> [EXERCISE REQUIREMENTS] Copy the lines of the data below exactly, starting at the first and stopping after the line that contains "更為典型的是在遺址上,發掘出"; include no pictures.

[Items from a dataset]
Segment Open
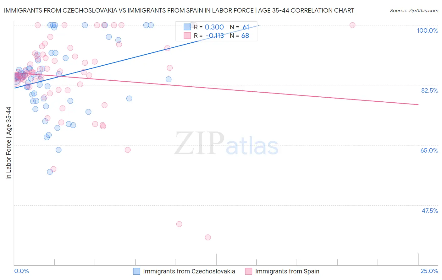 Immigrants from Czechoslovakia vs Immigrants from Spain In Labor Force | Age 35-44 Correlation Chart
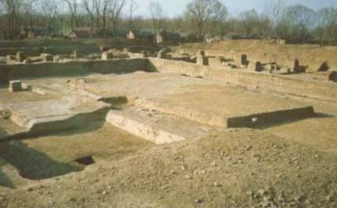 更為典型的是在遺址上,發掘出一座完整的宋代老君殿基址。該址在發掘區的東南部,“亞”字型高臺建筑,東西長30.3米,南北寬14.5米,臺基高0.60米經專家鑒定:該遺址為宋磚砌筑,在散水鋪磚下出土有宋代“祥符元寶”銅錢墊基。其年代與史料記載:宋代大中祥符七年奉敕重建“太清宮”相符。老君殿基址的出土及其他建筑群基址的發現,對于研究道家文化的起源與發展和古代建筑歷史都具有重要的價值。
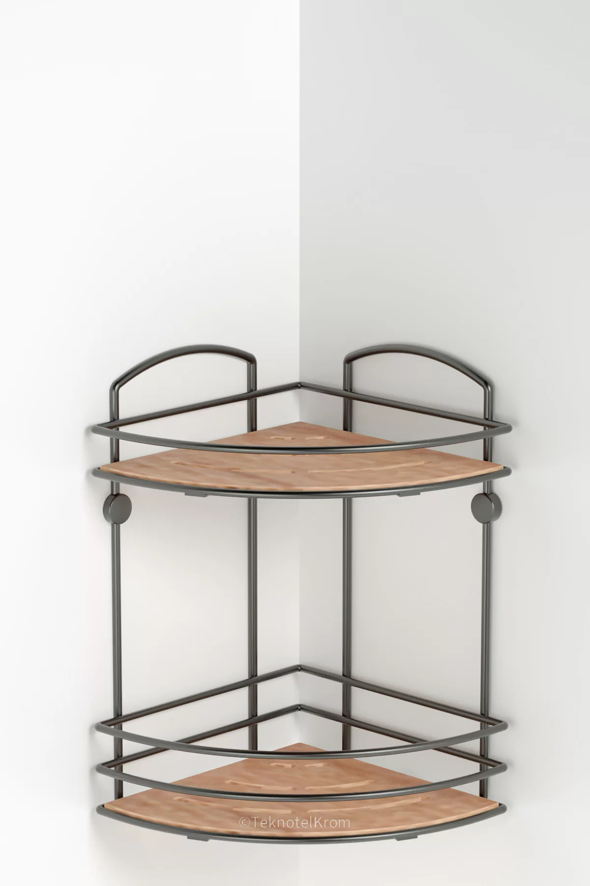 BK074 Bath Corner Shelf 2 Tier with Wood Design ABS
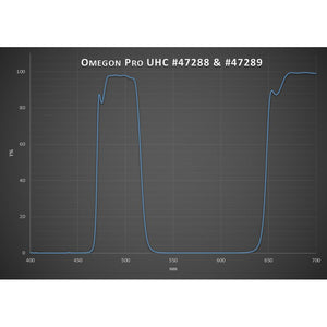 Il filtro UHC Omegon permette il passaggio in particolare delle lunghezze d'onda nell'ambito della luce verde a 496 nm e 401 nm, definite anche righe spettrali dell'OIII.
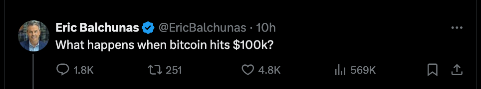 “What happens when Bitcoin hits $100k,” asked Eric Balchuas, Bloomberg’s senior ETF analyst, who has been actively covering BTC ETFs. His post on X got over 1,800 comments in 10 hours, with many analysts and commentators giving their opinion.
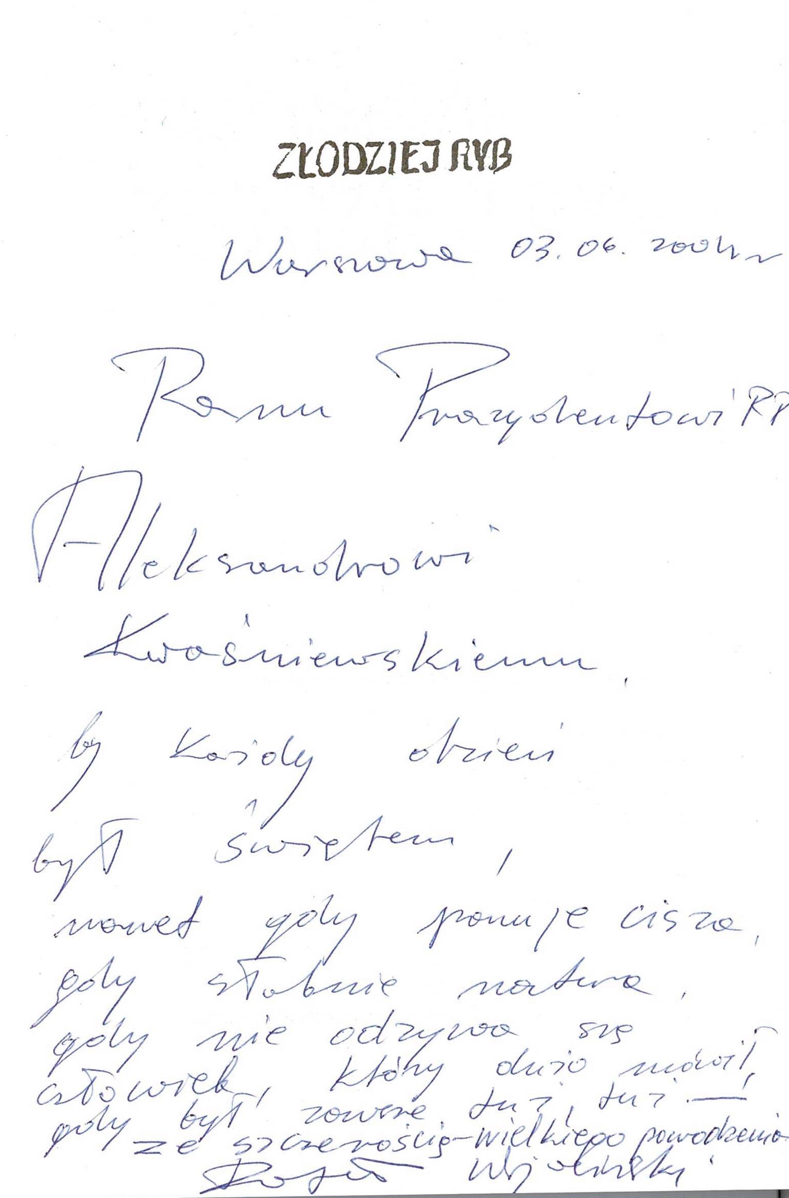 Treść dedykacji: Panu Prezydentowi Aleksandrowi Kwaśniewskiemu by każdy dzień był światłem, nawet gdy panuje cisza, gdy słabnie natura, gdy nie odzywa się człowiek, który dużo mówił, gdy był zawsze tuż tuż ze szczerością wielkiego powodzenia Rafał Wojasiński
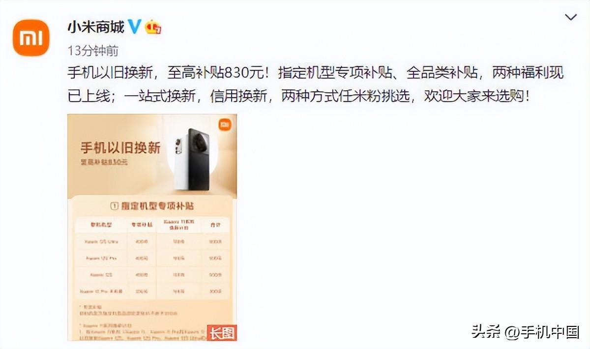 小米手机以旧换新至高补贴830元!还支持信用换新
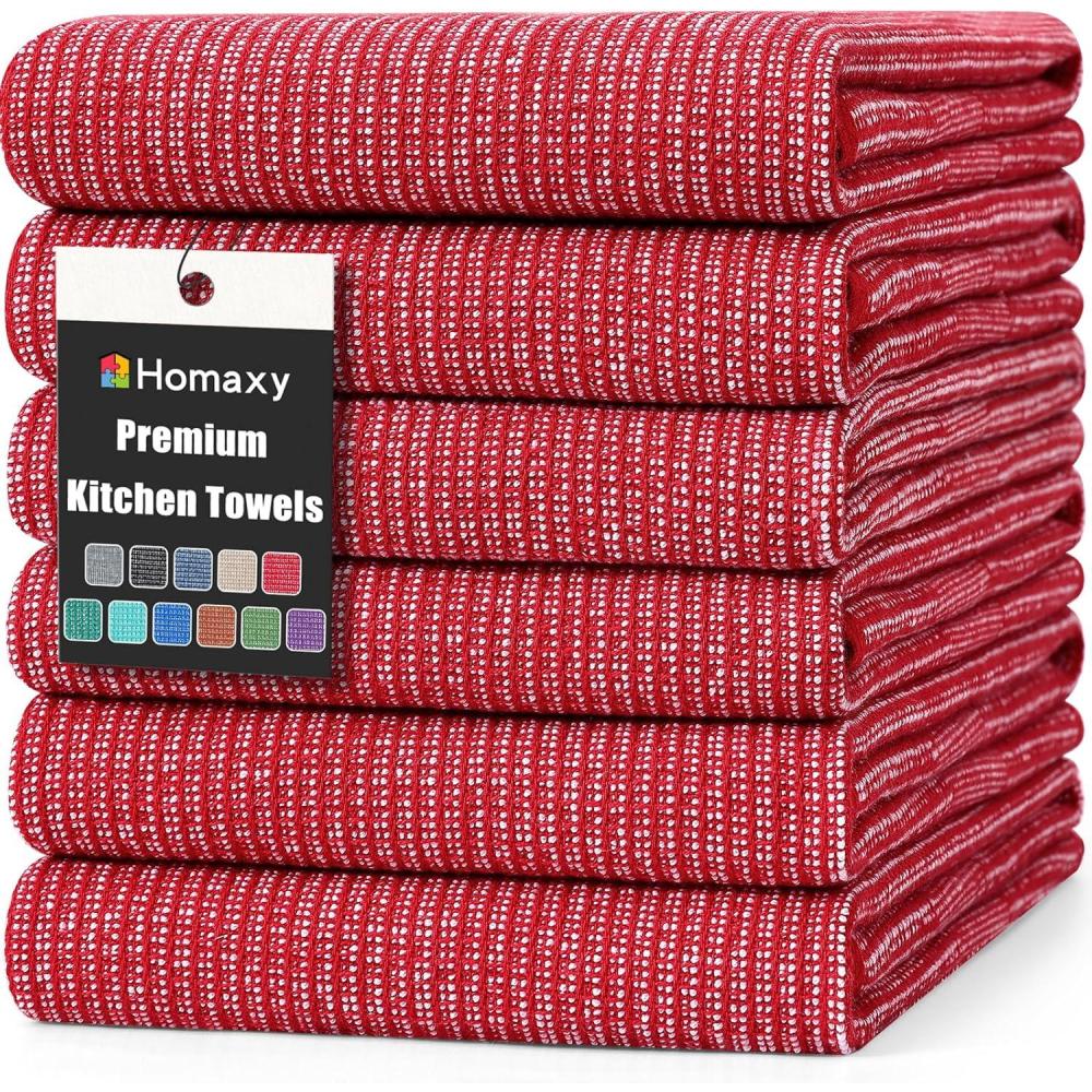 Homaxy Premium Kitchen Towels(18”x 28”, 6 Pack), Large Cotton Kitchen Hand Towels, Flat and Terry Dish Towels, 380 GSM Highly Absorbent Tea Towel Set with Hanging Loop, Red(Mixed Color)
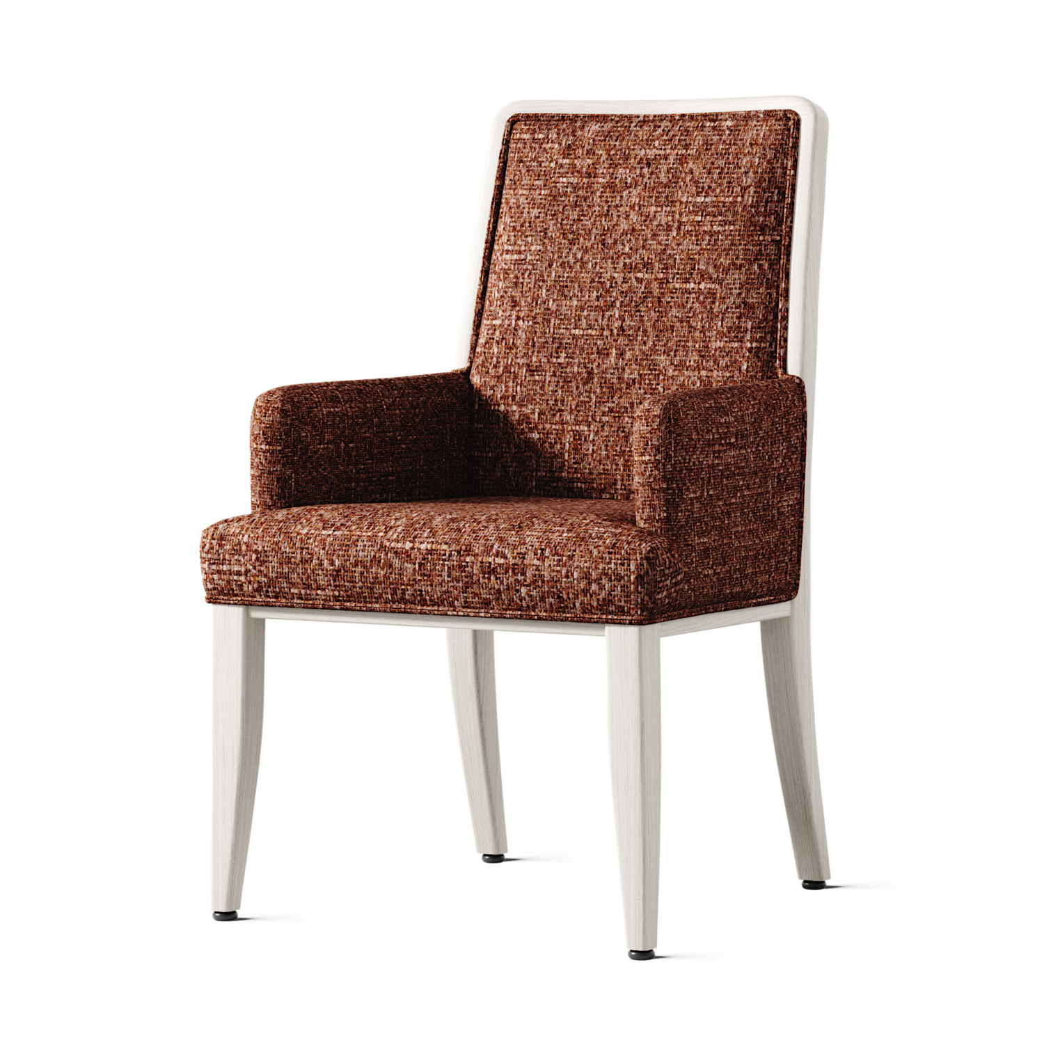 The Ardali Dining Chair offers a tailored look for senior living dining spaces. It features an upholstered arm design, elongated show frame back, and tapered legs for a modern profile. An optional back pull handle allows for easy movement in high-traffic settings.
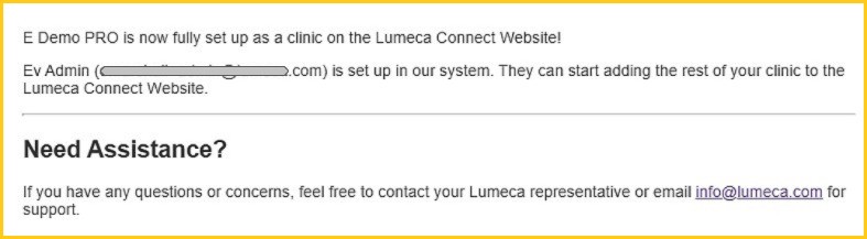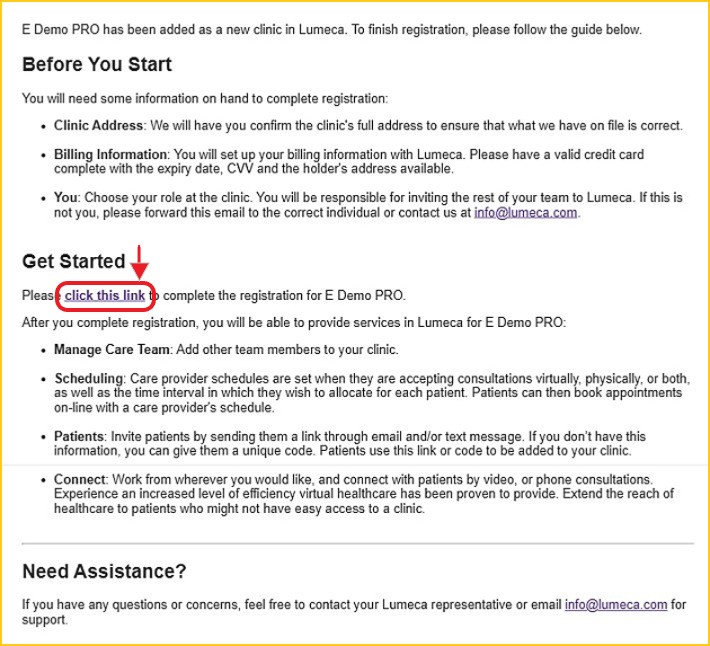 Your Lumeca Health virtual clinic has been set up and requires registration.
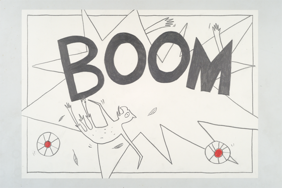 Für die Festivalausstellung zum Jahresthema BOOM! ließ sich der Kunstverein Neukölln zu einer Gruppenausstellung mit Bildergeschichten rund um den großen Knall inspirieren. 14 Künstler*innen wurden eingeladen, große und kleine Explosionen im gesellschaftlichen und privaten Leben zu reflektieren und offen in alle Richtungen zu interpretieren. Gedanklicher Ausgangspunkt waren die Bildwelten und formalen Besonderheiten des Comics, doch ging es nicht ausschließlich darum, dessen Zeichenstil aufzugreifen. Vielmehr konnte eine narrative Struktur in 3 bis 5 Bildern genutzt werden, um eine BOOM! Story mit eigenen bildnerischen Mitteln zu schaffen.
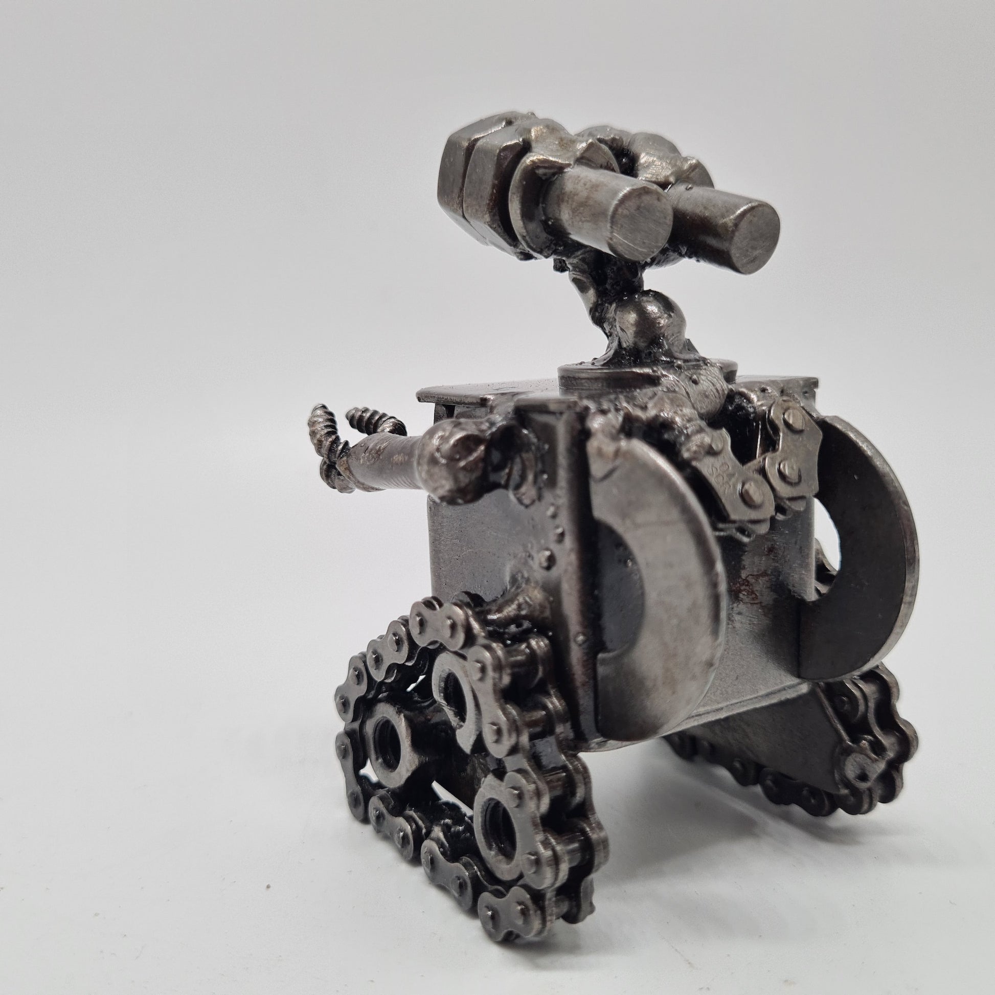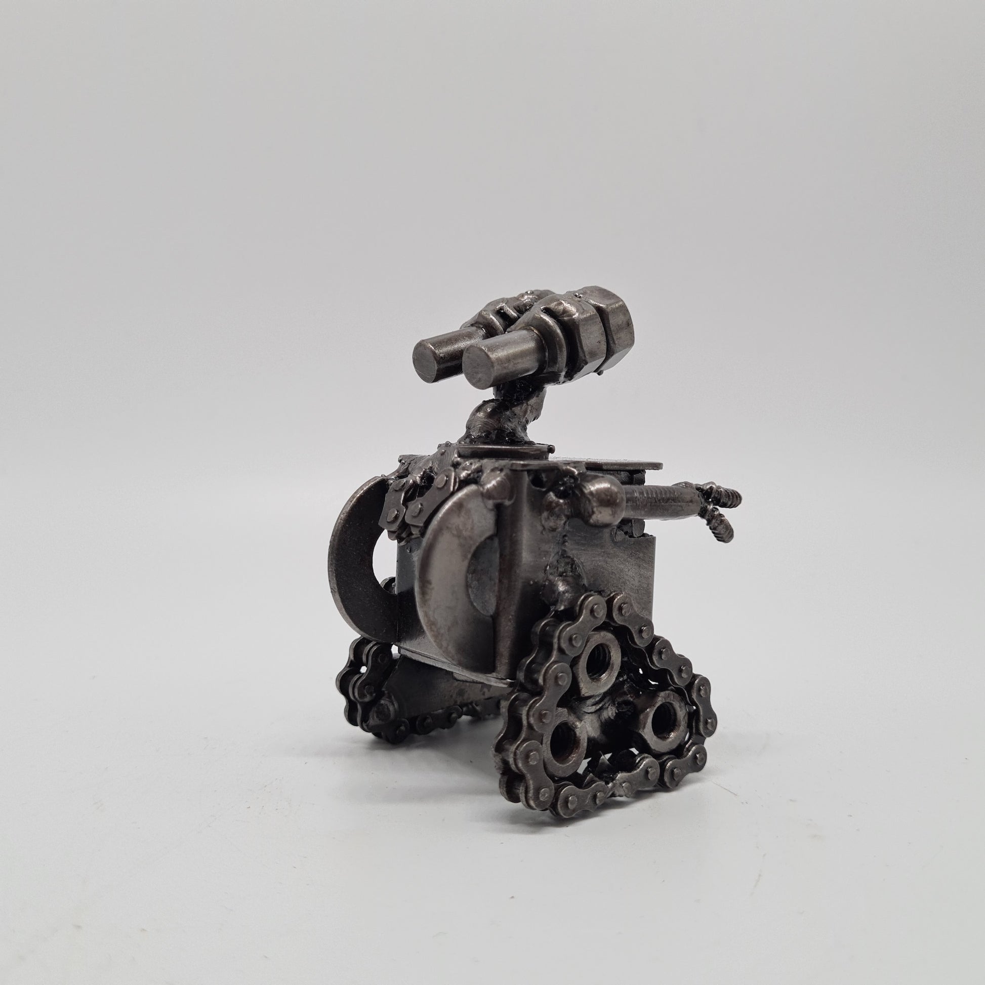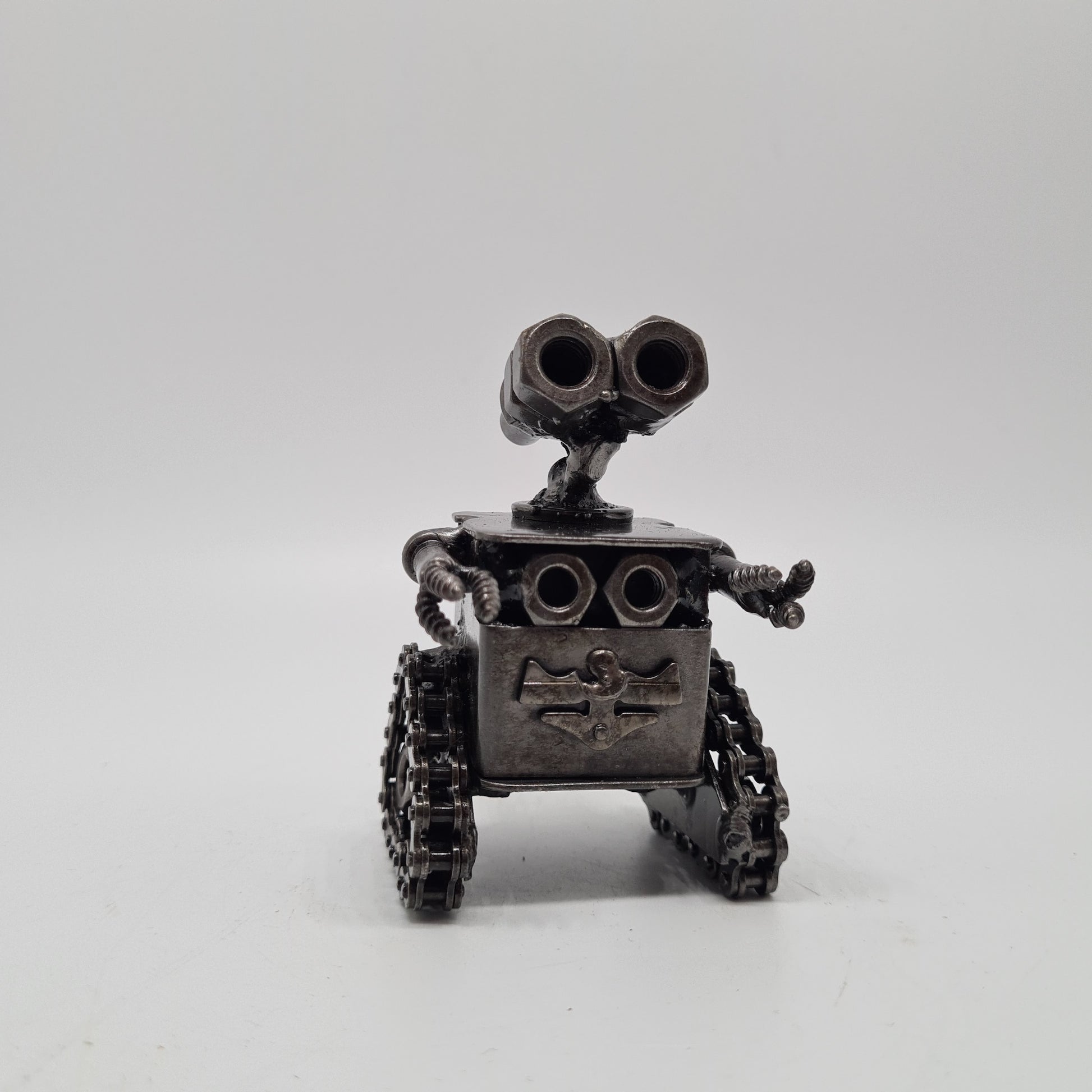 Unser Held aus Wall-E der letzte räumt die Erde auf. Der kleine Haushaltsroboter der klaglos seinen Dienst verrichtet und Müll zusammenpresst um ihn zu Wolkenkratzern aufzustapeln. Er macht seinen Job seit nunmehr als 700 Jahren. Holt euch die durch den Film inspirierte Figur nach Hause - er macht euch vielleicht nicht den Haushalt oder bringt euren Müll hinaus ist aber dennoch ein netter kleiner Geselle. Passend wird dieser kleine Freund aus alten Schrott Metallteilen hergestellt und ist somit ein Unikat.
Segment Closed
> [ANSWER SECTION]
 Immigrants from Czechoslovakia vs Immigrants from Spain In Labor Force | Age 35-44 Correlation Chart
 更為典型的是在遺址上,發掘出一座完整的宋代老君殿基址。該址在發掘區的東南部,“亞”字型高臺建筑,東西長30.3米,南北寬14.5米,臺基高0.60米經專家鑒定:該遺址為宋磚砌筑,在散水鋪磚下出土有宋代“祥符元寶”銅錢墊基。其年代與史料記載:宋代大中祥符七年奉敕重建“太清宮”相符。老君殿基址的出土及其他建筑群基址的發現,對于研究道家文化的起源與發展和古代建筑歷史都具有重要的價值。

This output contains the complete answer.